California and Greece have roughly similar GDP output ($333 billion and $343 billion, respectively), as well as similar debt levels ($500 billion and $552 billion, respectively). But that only includes state debt for California. When you factor in California’s 17 percent stake in the U.S. economy, which is saddled with $8 trillion in debt, the state’s total debt liability is over $1 trillion.
In many ways California as a state has bigger problems than Greece as a country. The unemployment rate in California is higher than that of Greece. And California spends more on many government programs. For example, the 167,000 inmates in California prisons occupy 11 percent of the budget, or $8 billion. By comparison, Greece prisons hold only 12,300 prison inmates.
Both California and Greece suffer from a huge number of unionized government employees accustomed to large defined benefit packages, including annual salary increases and lifetime pensions. Much has been made of the ability of Greek government workers to retire at the age of 53. In California, government workers can retire at 55. As Republican gubernatorial candidate Meg Whitman has noted, the amount California spends on its pension programs has increased by 2,000 percent in the last decade to over $7 billion annually.
The Greek unions took to the streets when asked to contribute to minor austerity programs. California’s 350,000 government employees are also likely to resist any effort to cut their entitlement packages, much less their jobs. The best scenario political leaders plan for is modest attrition.

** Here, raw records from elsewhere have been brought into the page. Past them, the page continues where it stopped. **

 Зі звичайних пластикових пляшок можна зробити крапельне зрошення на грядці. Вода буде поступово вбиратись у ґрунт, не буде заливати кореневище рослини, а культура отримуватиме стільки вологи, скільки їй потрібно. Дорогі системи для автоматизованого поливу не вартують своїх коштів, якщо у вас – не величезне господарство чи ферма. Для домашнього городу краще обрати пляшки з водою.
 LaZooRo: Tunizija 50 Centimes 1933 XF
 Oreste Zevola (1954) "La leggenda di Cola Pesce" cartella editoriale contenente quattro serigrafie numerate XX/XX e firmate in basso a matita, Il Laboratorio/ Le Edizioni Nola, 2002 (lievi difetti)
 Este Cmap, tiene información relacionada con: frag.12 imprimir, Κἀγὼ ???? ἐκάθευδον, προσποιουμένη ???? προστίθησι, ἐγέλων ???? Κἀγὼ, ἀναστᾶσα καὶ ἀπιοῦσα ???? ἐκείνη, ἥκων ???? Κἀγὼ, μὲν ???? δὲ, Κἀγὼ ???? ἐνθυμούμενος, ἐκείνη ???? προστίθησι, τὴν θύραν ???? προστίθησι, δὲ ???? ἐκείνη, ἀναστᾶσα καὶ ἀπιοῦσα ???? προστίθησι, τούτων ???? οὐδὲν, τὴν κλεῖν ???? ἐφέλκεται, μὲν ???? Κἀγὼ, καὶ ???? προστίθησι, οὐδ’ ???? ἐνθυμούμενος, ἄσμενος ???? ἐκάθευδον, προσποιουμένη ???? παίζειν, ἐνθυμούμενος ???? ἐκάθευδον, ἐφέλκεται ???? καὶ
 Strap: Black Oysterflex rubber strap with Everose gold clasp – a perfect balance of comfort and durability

California’s problems are being compounded as businesses leave the state. Last month’s announcement that Northrup-Grumman was shifting its headquarters to Virginia followed HP’s announcement that it was also moving out. Maybe these departures have something to do with Chief Executive naming California as the worst state in which to do business, and with the Tax Foundation ranking California as the 48th worst business tax climate in the nation. California also insists on its own rules for gas mileage, silly ubiquitous pregnancy warnings and even its own TV energy usage standards. The message California sends to businesses is clear: Stay away.

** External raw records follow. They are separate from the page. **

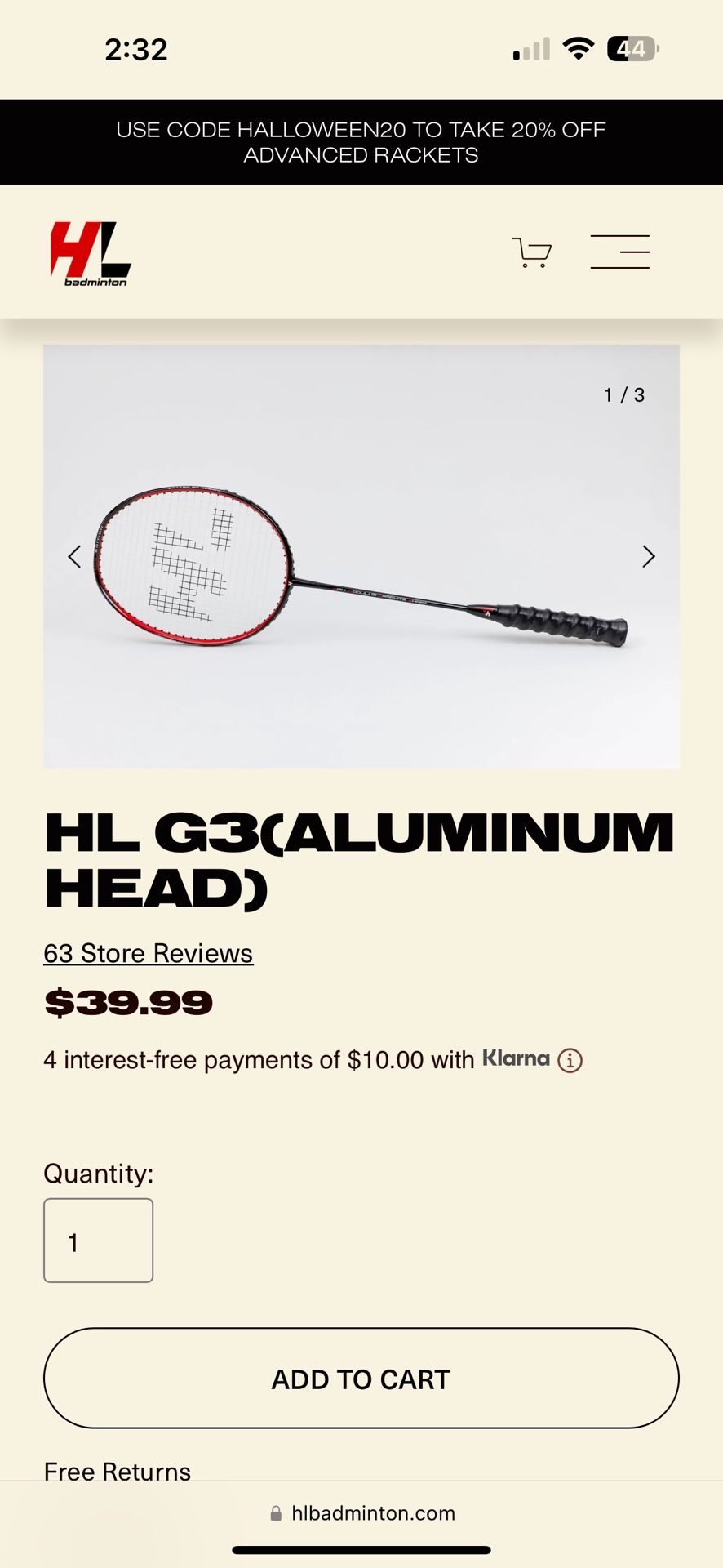 Tech Specs 7000 Series Aluminum Head - lightweight aluminum with high-tension capabilities 100% Graphite Shaft - medium flex graphite fused to aluminum head 86 grams(unstrung) - mid to heavy-weight racket for entry-level players 24 lbs max tension - great for players just starting out Balanced Weight - striking a balance between power and quickness Power Grip - our standard bumpy grip with cushion Prestrung at 22 lbs - instant playability Full case cover included with purchase Player Type The HL G3 was designed with novice players in mind. The combination of a graphite shaft with an aluminum head means that you’ll get all the power without the high price tag. Practically brand new it comes with the cover to protect.
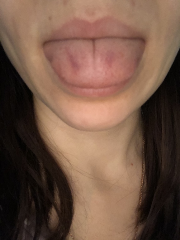 Здравствуйте! Скажите, у кого-нибудь появлялись похожие полоски? О чем это говорит? В нете не могу найти инфу. Принимаю железо и б12 по предписанию врача. Это не окрашенный язык))))
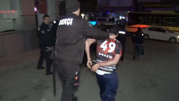 Bölgedeki 2 dükkanın camlarının kırıldığı olayın arından polis ekipleri, kavgaya karışan 16 kişiyi gözaltına aldı. Şüpheliler ekip otolarına güçlükle bindirildi. Olayda kullanıldığı belirlenen çok sayıda sopa, bıçak ve 2 satıra el konuldu.

California issued $3 billion of scrip last year because it couldn’t pay its bills. Standard and Poor’s responded by downgrading the state’s credit rating from “A” to “A-minus.” This year, Gov. Arnold Schwarzenegger is valiantly trying to close a $20 billion budget deficit but his lame-duck status and a partisan legislature make real change all but impossible. Even the governor’s obvious but modest trial balloon about taxing marijuana sales was shot down by Californians, who refuse to accept the need for triage.